Recently, Wu Zhongshuai, a researcher of the two-dimensional materials and energy device research group of the Dalian Institute of Chemical Physics, Chinese Academy of Sciences, and the academician Bao Xinhe have made new progress in the research of new concept, planarization, and self-integrated graphene-based supercapacitors. It is proposed to use a spraying method to efficiently prepare graphene baseline-shaped series supercapacitors with high voltage output, and the related results are published on Advanced Materials.

　　Recently, Wu Zhongshuai, a researcher in the two-dimensional materials and energy device research group of the Dalian Institute of Chemical Physics, Chinese Academy of Sciences, and the academician Bao Xinhe have made new progress in the research of new concept, planarization, and self-integrated graphene-based supercapacitors. It is proposed to use a spraying method to efficiently prepare graphene baseline-shaped series supercapacitors with high voltage output, and the related results are published on Advanced Materials.
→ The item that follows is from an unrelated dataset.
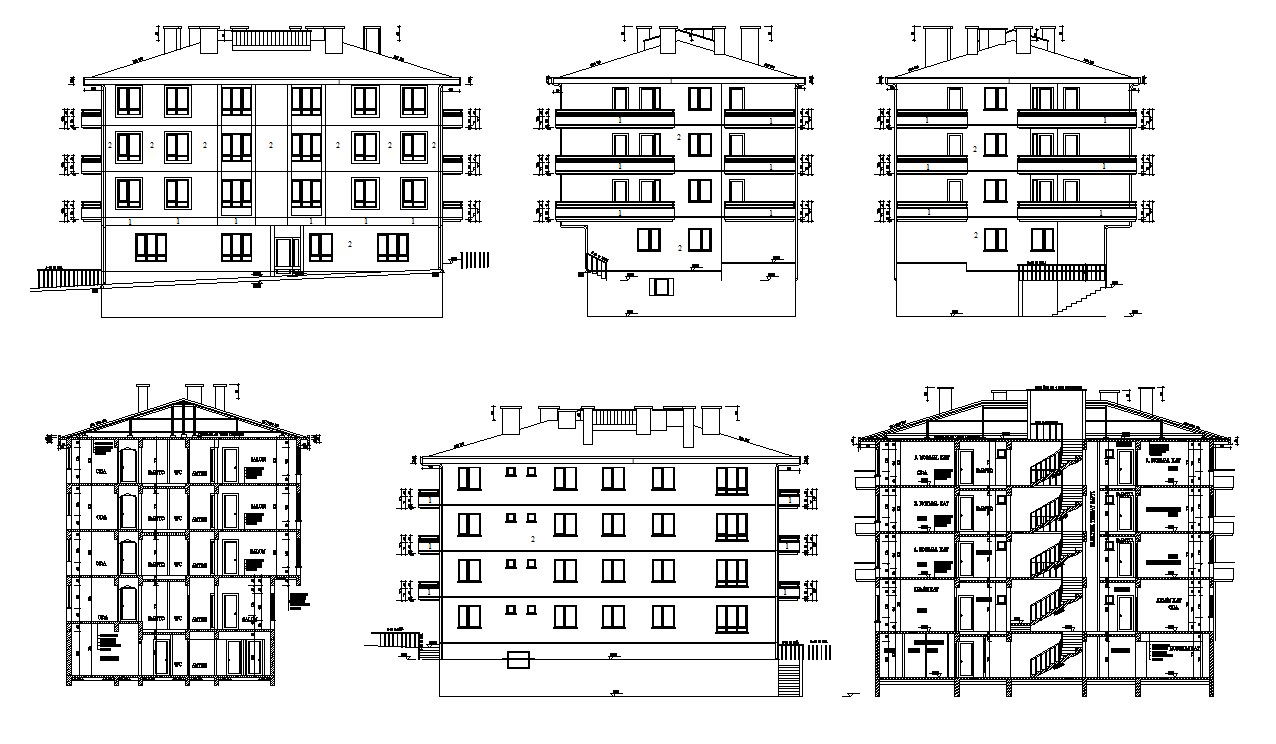 Dwg file of residential apartment elevation it include front facade,rear elevation,section,it also include floor level,doors,windows,balcony, etc

　　The rapid development of miniaturization and flexible electronic devices has stimulated people's demand for miniature energy storage devices. Traditional single supercapacitors have low output voltage (<1.0V in the water system). When multiple non-planar energy storage devices are connected in series, the processing steps are complicated and metal connectors are required, which reduces the modularity and mechanical flexibility of the supercapacitors. , It is difficult to meet the application requirements of future electronic devices for high-voltage practical scenarios. Therefore, there is an urgent need to develop innovative device configurations and large-scale device manufacturing methods to achieve the purpose of efficiently preparing new energy storage devices with high voltage output.

　　The research team used a mixed dispersion of electrochemically exfoliated graphene and conductive polymer PH1000 (poly-3,4-ethylenedioxythiophene-polystyrene sulfonic acid) as a highly conductive ink. With the help of a mask, spraying was used. A planar supercapacitor module composed of ten linear devices self-series integration was prepared on A4 paper. The resulting device has good mechanical flexibility and can stably output a high voltage of 8V in an aqueous electrolyte without the use of metal connectors. In order to improve the specific capacity of a single device, high-capacity polyaniline-functionalized graphene is used as the electrode material, and the linear series supercapacitors also manufactured have high pseudocapacitance and maintain good series behavior. In order to further increase the output voltage of a single device, two two-dimensional materials, manganese dioxide nanosheets and electrochemically exfoliated graphene, were selected as the positive and negative electrodes of the supercapacitor, and an asymmetric linear series supercapacitor was fabricated on one substrate. , The output voltage is expanded from 1.8V for a single asymmetric supercapacitor to 5.4V for three linear series supercapacitors, further improving the output voltage and energy density of the device. Studies have shown that graphene and other two-dimensional materials have wide applicability in the manufacture of linear series supercapacitors with symmetric and asymmetric structures, and provide a new strategy for the manufacture of planar, flexible, and integrated energy storage devices.

　　The research work has been funded by the National Natural Science Foundation of China, the National Key Research and Development Program, the National Youth, the Provincial Natural Science Foundation, the Knowledge Innovation Project of the Dalian Institute of Chemical Technology, and the Yanchang Petroleum Exploratory Research Project.